> _WORK TO COMPLETE_
Output exactly the lines of the listing below that run from the line with "2017 국제적 멸종위기종" through the line with "Bluetooth 5.2 Chip". No pictures.

> _MATERIAL SUPPLIED_
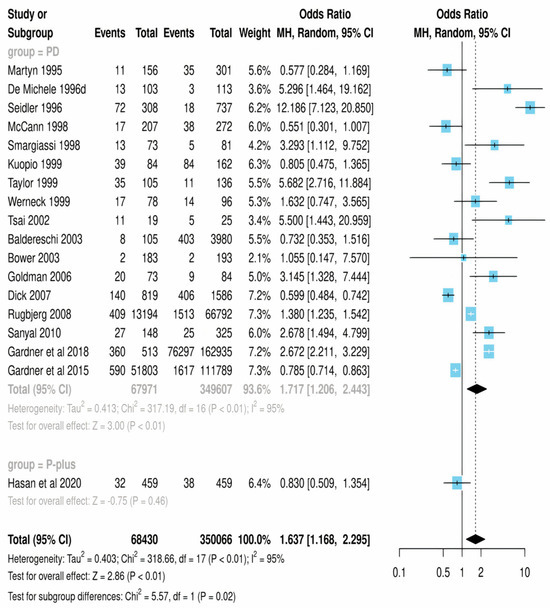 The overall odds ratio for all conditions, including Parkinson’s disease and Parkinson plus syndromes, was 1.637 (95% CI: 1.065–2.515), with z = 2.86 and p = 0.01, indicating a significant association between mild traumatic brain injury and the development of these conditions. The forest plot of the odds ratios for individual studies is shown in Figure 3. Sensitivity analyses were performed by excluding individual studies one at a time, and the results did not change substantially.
==
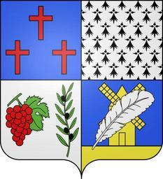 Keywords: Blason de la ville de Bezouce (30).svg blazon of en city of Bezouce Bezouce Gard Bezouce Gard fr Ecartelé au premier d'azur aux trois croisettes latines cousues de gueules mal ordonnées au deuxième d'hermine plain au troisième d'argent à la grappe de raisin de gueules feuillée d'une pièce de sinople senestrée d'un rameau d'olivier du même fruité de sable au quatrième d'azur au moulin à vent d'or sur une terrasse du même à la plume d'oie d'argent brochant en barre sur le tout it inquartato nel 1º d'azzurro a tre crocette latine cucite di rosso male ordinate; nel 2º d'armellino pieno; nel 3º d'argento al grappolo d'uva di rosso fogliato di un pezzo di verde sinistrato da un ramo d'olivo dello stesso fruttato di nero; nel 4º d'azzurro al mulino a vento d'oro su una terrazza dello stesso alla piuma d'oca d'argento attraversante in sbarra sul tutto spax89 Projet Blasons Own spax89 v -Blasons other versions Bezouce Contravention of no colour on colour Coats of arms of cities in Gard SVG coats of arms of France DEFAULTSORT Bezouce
...
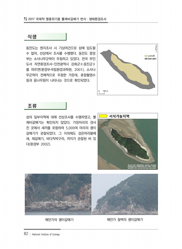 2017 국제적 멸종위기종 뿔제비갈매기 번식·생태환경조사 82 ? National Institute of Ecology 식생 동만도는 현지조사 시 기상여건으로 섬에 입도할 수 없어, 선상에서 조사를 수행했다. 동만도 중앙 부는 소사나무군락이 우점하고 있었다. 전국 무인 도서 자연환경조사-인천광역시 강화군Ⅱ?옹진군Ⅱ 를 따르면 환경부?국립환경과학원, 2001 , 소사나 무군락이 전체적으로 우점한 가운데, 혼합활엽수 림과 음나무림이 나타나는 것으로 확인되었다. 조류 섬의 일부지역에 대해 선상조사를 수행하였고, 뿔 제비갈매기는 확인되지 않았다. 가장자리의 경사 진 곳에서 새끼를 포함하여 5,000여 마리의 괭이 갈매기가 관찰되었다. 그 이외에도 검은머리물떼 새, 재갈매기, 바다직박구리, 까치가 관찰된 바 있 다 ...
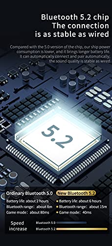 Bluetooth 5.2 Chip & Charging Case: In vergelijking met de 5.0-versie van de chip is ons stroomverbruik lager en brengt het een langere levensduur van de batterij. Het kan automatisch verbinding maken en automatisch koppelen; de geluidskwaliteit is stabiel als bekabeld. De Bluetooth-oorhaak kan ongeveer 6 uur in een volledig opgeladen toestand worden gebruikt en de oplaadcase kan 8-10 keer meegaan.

> _EXERCISE RESPONSE_
 2017 국제적 멸종위기종 뿔제비갈매기 번식·생태환경조사 82 ? National Institute of Ecology 식생 동만도는 현지조사 시 기상여건으로 섬에 입도할 수 없어, 선상에서 조사를 수행했다. 동만도 중앙 부는 소사나무군락이 우점하고 있었다. 전국 무인 도서 자연환경조사-인천광역시 강화군Ⅱ?옹진군Ⅱ 를 따르면 환경부?국립환경과학원, 2001 , 소사나 무군락이 전체적으로 우점한 가운데, 혼합활엽수 림과 음나무림이 나타나는 것으로 확인되었다. 조류 섬의 일부지역에 대해 선상조사를 수행하였고, 뿔 제비갈매기는 확인되지 않았다. 가장자리의 경사 진 곳에서 새끼를 포함하여 5,000여 마리의 괭이 갈매기가 관찰되었다. 그 이외에도 검은머리물떼 새, 재갈매기, 바다직박구리, 까치가 관찰된 바 있 다 ...
 Bluetooth 5.2 Chip & Charging Case: In vergelijking met de 5.0-versie van de chip is ons stroomverbruik lager en brengt het een langere levensduur van de batterij. Het kan automatisch verbinding maken en automatisch koppelen; de geluidskwaliteit is stabiel als bekabeld. De Bluetooth-oorhaak kan ongeveer 6 uur in een volledig opgeladen toestand worden gebruikt en de oplaadcase kan 8-10 keer meegaan.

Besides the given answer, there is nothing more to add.